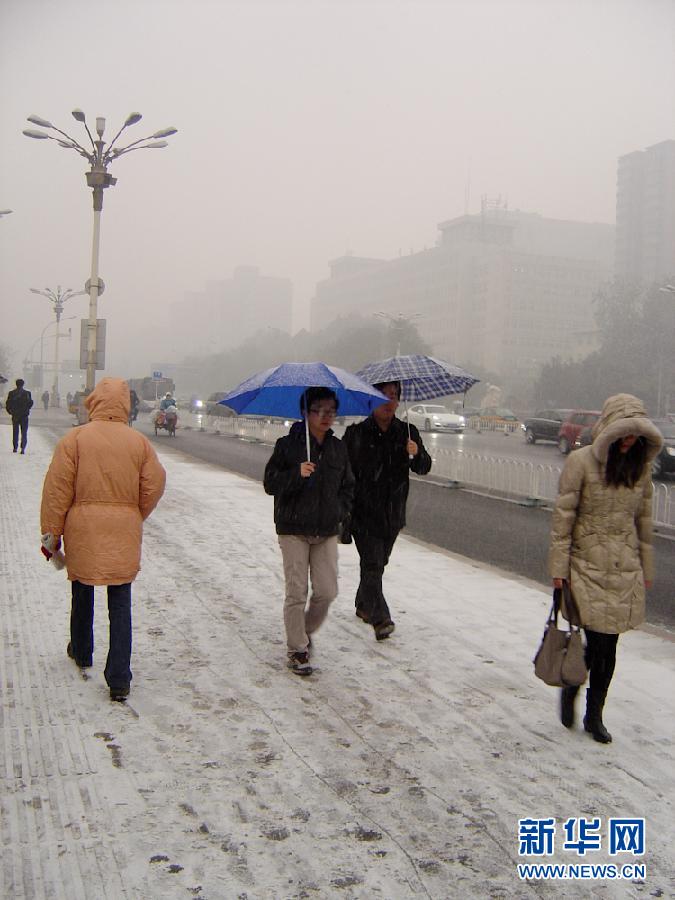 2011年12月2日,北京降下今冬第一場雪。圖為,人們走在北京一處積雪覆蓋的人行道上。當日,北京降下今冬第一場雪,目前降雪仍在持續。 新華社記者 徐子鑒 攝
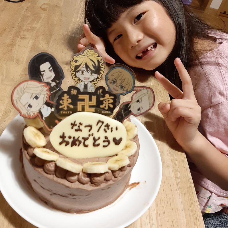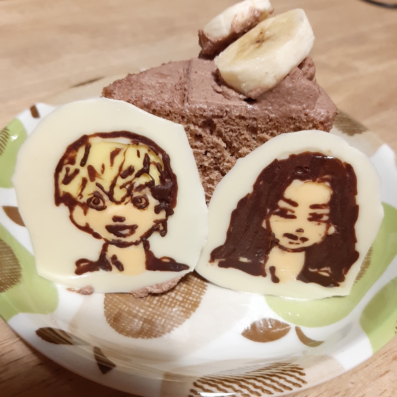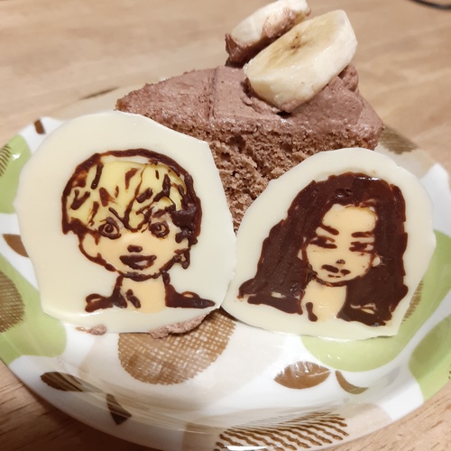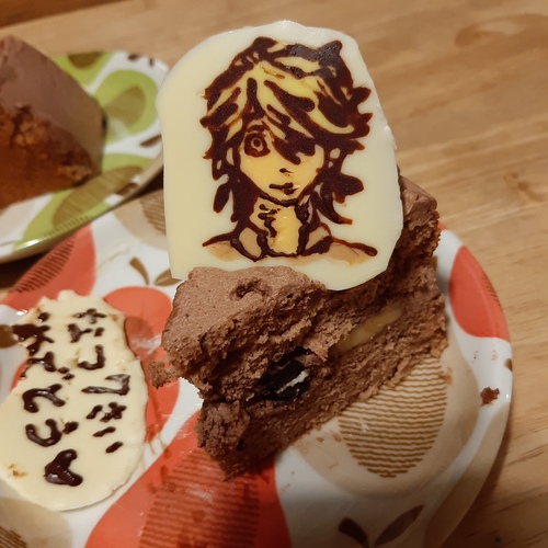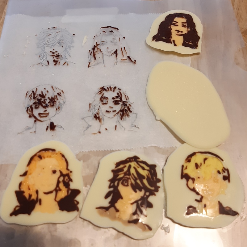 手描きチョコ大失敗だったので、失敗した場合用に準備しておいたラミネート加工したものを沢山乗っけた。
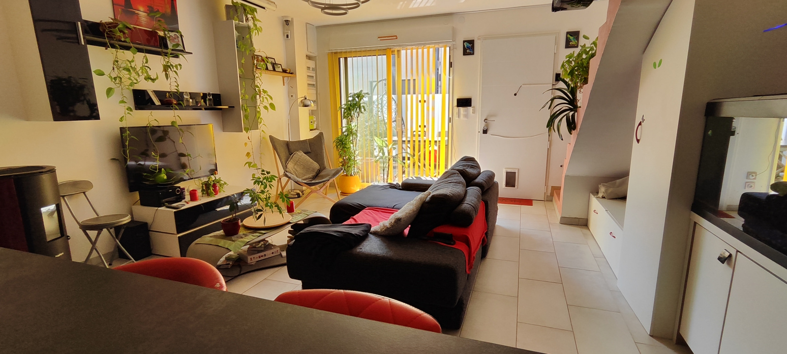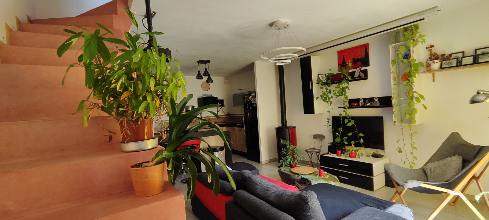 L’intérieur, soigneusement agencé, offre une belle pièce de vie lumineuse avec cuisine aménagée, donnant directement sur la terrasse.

PROBLEM DESCRIPTION:
No pictures, please. Output the listing above exactly as it stands.

TASK ANSWER:
 2011年12月2日,北京降下今冬第一場雪。圖為,人們走在北京一處積雪覆蓋的人行道上。當日,北京降下今冬第一場雪,目前降雪仍在持續。 新華社記者 徐子鑒 攝
 手描きチョコ大失敗だったので、失敗した場合用に準備しておいたラミネート加工したものを沢山乗っけた。
 L’intérieur, soigneusement agencé, offre une belle pièce de vie lumineuse avec cuisine aménagée, donnant directement sur la terrasse.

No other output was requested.